Photometry of crowded fields is a very important problem for which many highly developed and thoroughly tested codes exist. Most of these were developed for ground based images and there may be special problems with handling HST data where images are badly undersampled and the greater extent of the PSF wings makes the crowding problem very severe. The photometric performance of the new algorithm has been tested using the WFC star cluster simulation which is available from STEIS. We used just the lower left quadrant of the image which includes the very dense core. The image was expanded by a factor of four in and before processing. Fig. 1 shows the results of this and Fig. 2 shows the photometric accuracy and also a histogram of the background image. These can be compared to similar graphs given for different restoration methods by Busko (1993). The photometry is seen to be highly linear and to lack bias. The scatter is larger than predicted from pure noise considerations because of the high degree of crowding.

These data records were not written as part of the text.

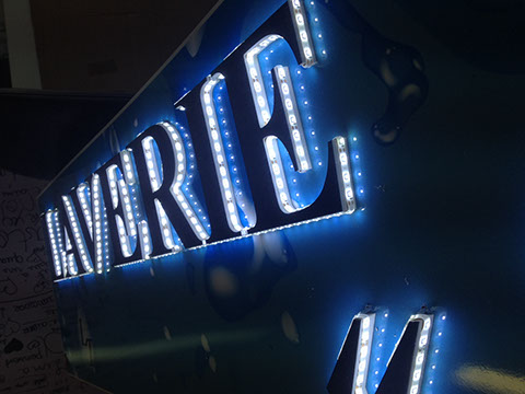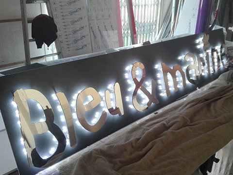 - La led en « rétro éclairé » (soit posée à l'arrière d’une lettre) donne un rendu de couleur plus subtil et plus discret à votre éclairage.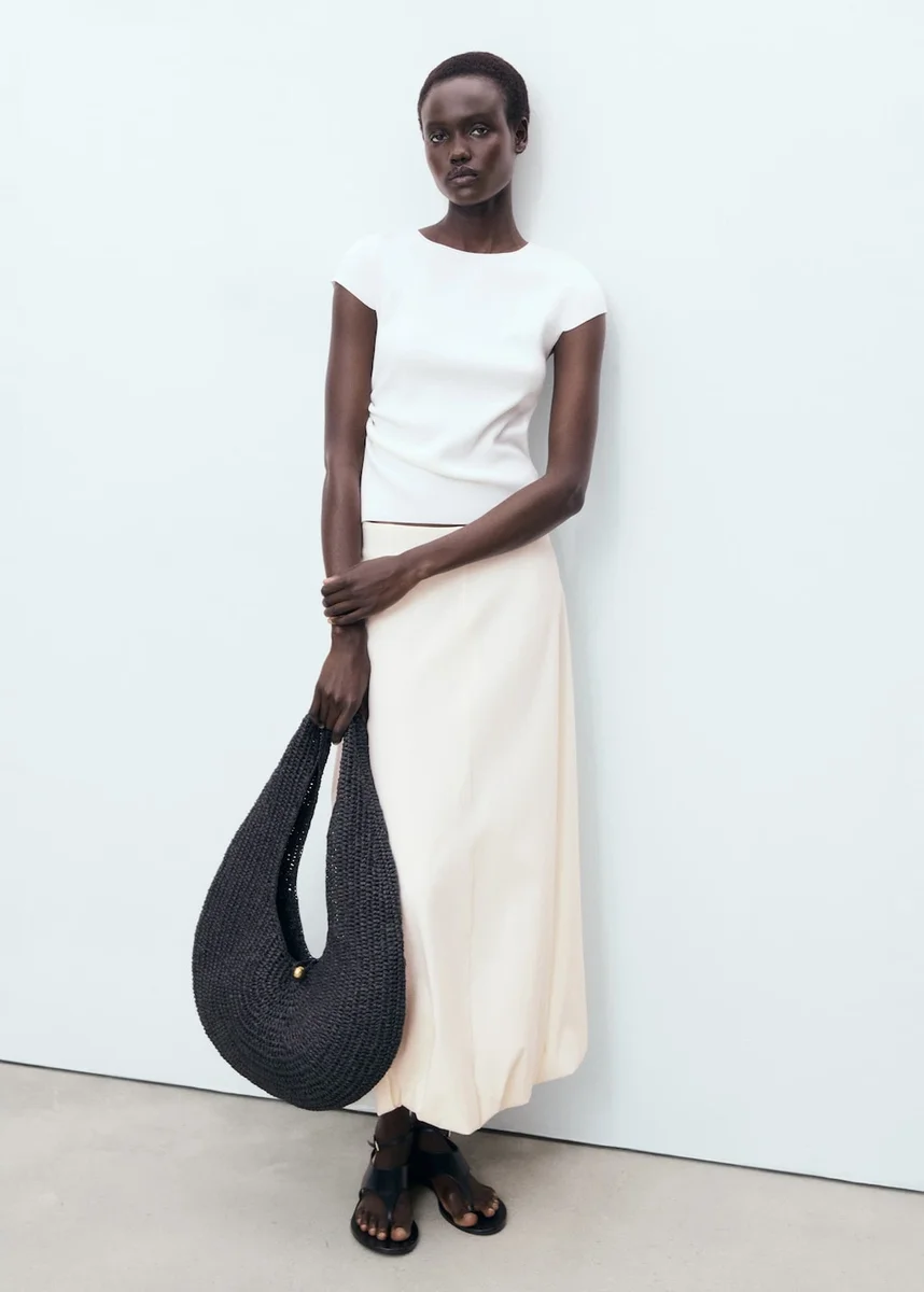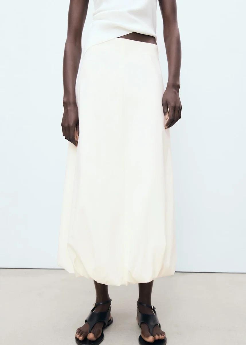 Bublinový lem. Dlouhý střih. Rovný střih. Středně vysoký pas. Bublinový lem. Zapínání na háčky a zip.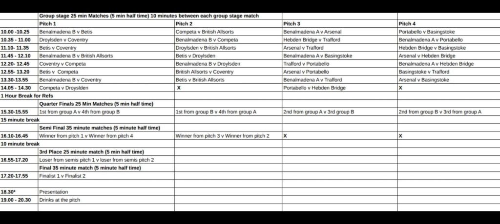 First match on the 9th kicks off at 9am. Come along and give them a shout! The full schedule is printed below .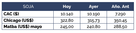 En la tarde de hoy, el valor ofrecido abiertamente por la oleaginosa con entrega contractual se ubicó en $ 10.000/t, pero se registraron operaciones por encima de este valor. Por soja condición cámara con entrega en agosto de este año, el precio ofrecido fue de $ 10.300/t. La novedad con respecto a la jornada de ayer fue la presencia de un comprador en el segmento mayo 2020, ofreciendo abiertamente US$ 245/t.

Many interesting problems in astronomy involve trying to do photometry of point sources on a highly structured background. An important example is the photometry of Cepheid variables in nearby galaxies. The new algorithm is particularly suited to this problem because it can effectively model any background simultaneously with measuring the point source magnitudes. There is no assumption about the background structure except that it must be smooth to some (user controllable) degree. A good test for this kind of work is shown in Fig. 3 where the input data is a ground-based image of the nearby galaxy M51 on which some point sources of known brightness have been added. Fig. 4 shows the quality of the resulting photometry. The output image (upper left) also illustrates how the regularization effectively suppresses the speckles in the background which are so prominent in the standard restoration (lower right).
In an important class of problem there is only a single point source but this is so bright as to swamp interesting structure lying underneath. Fig. 5 shows the results of processing a simulated PC image of a QSO with an
underlying spiral galaxy. Although conventional restoration manages to recover the spiral arms well, there is still an inaccurate restoration of the regions close to the nucleus and the familiar speckles. This method has also been found to be among the most effective for this kind of work on real images obtained from the ground (Stockton &Ridgway 1993).
In many cases the PSF cannot be reliably predicted and must be obtained directly from the data image. The two channel method may be generalized to simultaneously improve both the estimate of the true object intensity distribution and the PSF. This is more stable and effective than other blind iterative methods because the point sources are at designated positions. Fig. 6 shows an example of obtaining an improved PSF from
a subset of the simulated WFC image which was used in the crowded field example given above. More details of the method are given in Lucy (1994).